When a company that collected your personal data negligently fails to secure it, you should have accountability and relief—including standing to sue. 

EFF and our friends at Electronic Privacy Information Center filed an amicus brief in late November pointing this out to the U.S. Court of Appeals for the Fourth Circuit in a case arising from the 130 million consumer records stolen from Marriott in 2018.  We detailed the science and evidence demonstrating that people impacted by such data breaches run the risk of identity theft, ransomware attacks and increased spam, along with corresponding increased anxiety, depression and other psychological injuries. 

The Fourth Circuit’s decision last week didn’t address our arguments; instead it just kicked the can down the road. The appeals court found that the trial court had not properly considered whether consumers had waived their rights to bring a class action by joining Marriott’s loyalty programs— those programs that advertise huge benefits to loyal customers but put the costs you pay (like decreased ability to sue) into the fine print that no one reads. 

We strongly disagree with the suggestion that any Marriott customer meaningfully agreed to waive a class action here. Few if any customers read a hotel loyalty program’s fine-print terms and conditions, much less knowingly waive their right to bring a class action if the company negligently lets their data fall into the hands of thieves.
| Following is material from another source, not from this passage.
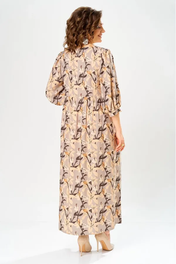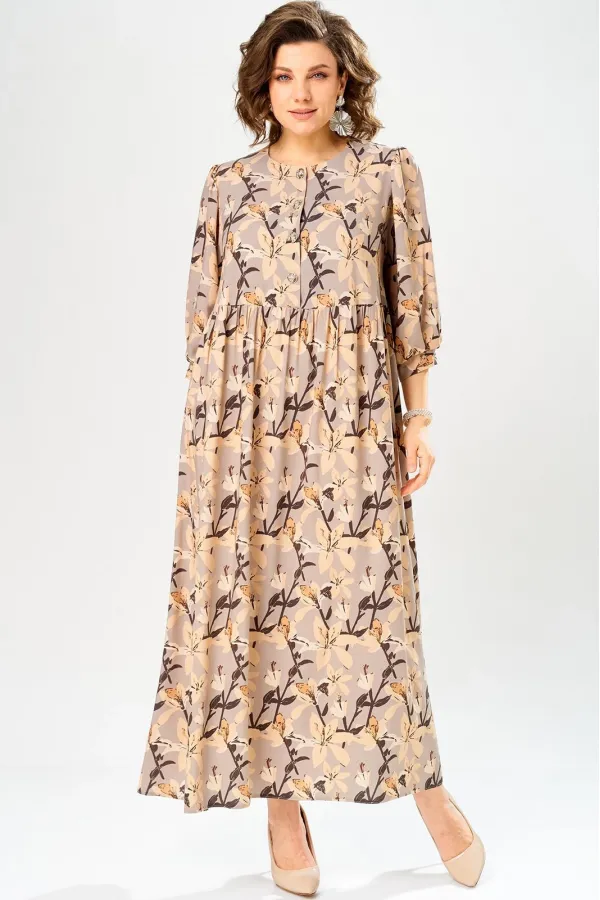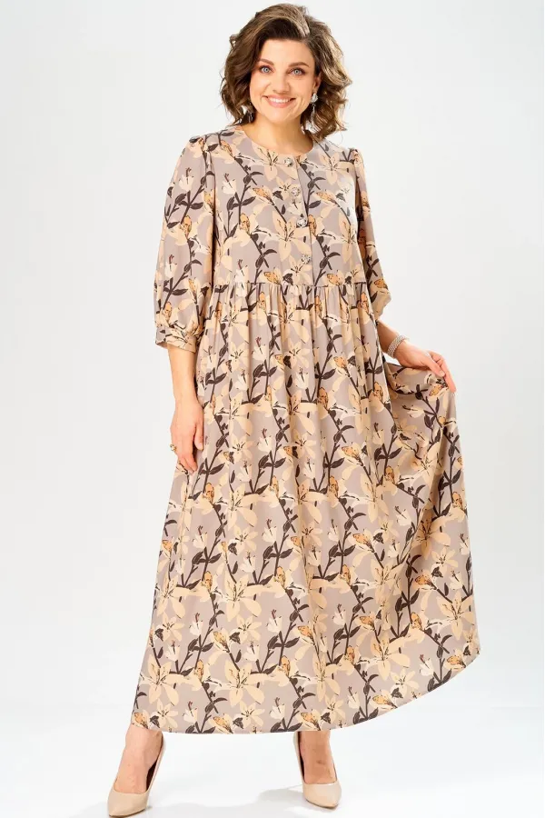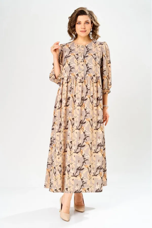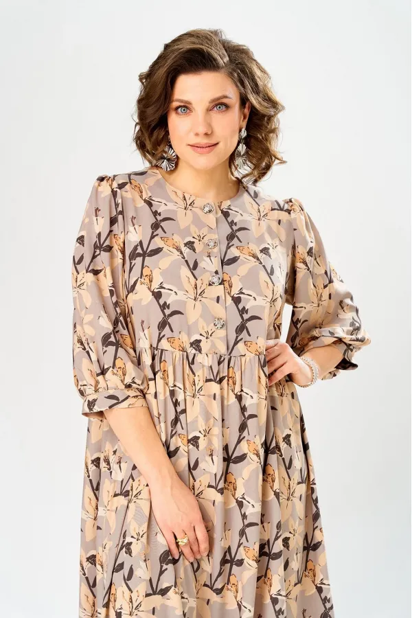 Платье со слегка завышенной линией талии. Лиф платья выполнен с застежкой на петли-пуговицы. Рукав втачной одношовный, со сборкой по линии оката, низ рукава оформлен манжетой.

We hope that on remand, the trial court will reject Marriott’s poorly-taken waiver argument, and we can get back to trying to ensure that consumers have real accountability when companies fail to protect the data they increasingly extract from us.  

This decision highlights one of EFF’s criticisms of the proposed American Data Privacy and Protection Act last year. One of the reasons we did not support the bill was that it failed to override bogus waivers such as this.  Privacy laws need to be strong and not full of holes that leave us without protection because of a single click or some tiny fine print that no one reads. We need a strong data privacy law that prohibits waivers and mandatory arbitration requirements letting companies sidestep users’ basic legal rights.  

We’ll keep watching this important case and standing up for your rights both in the courts and in Congress.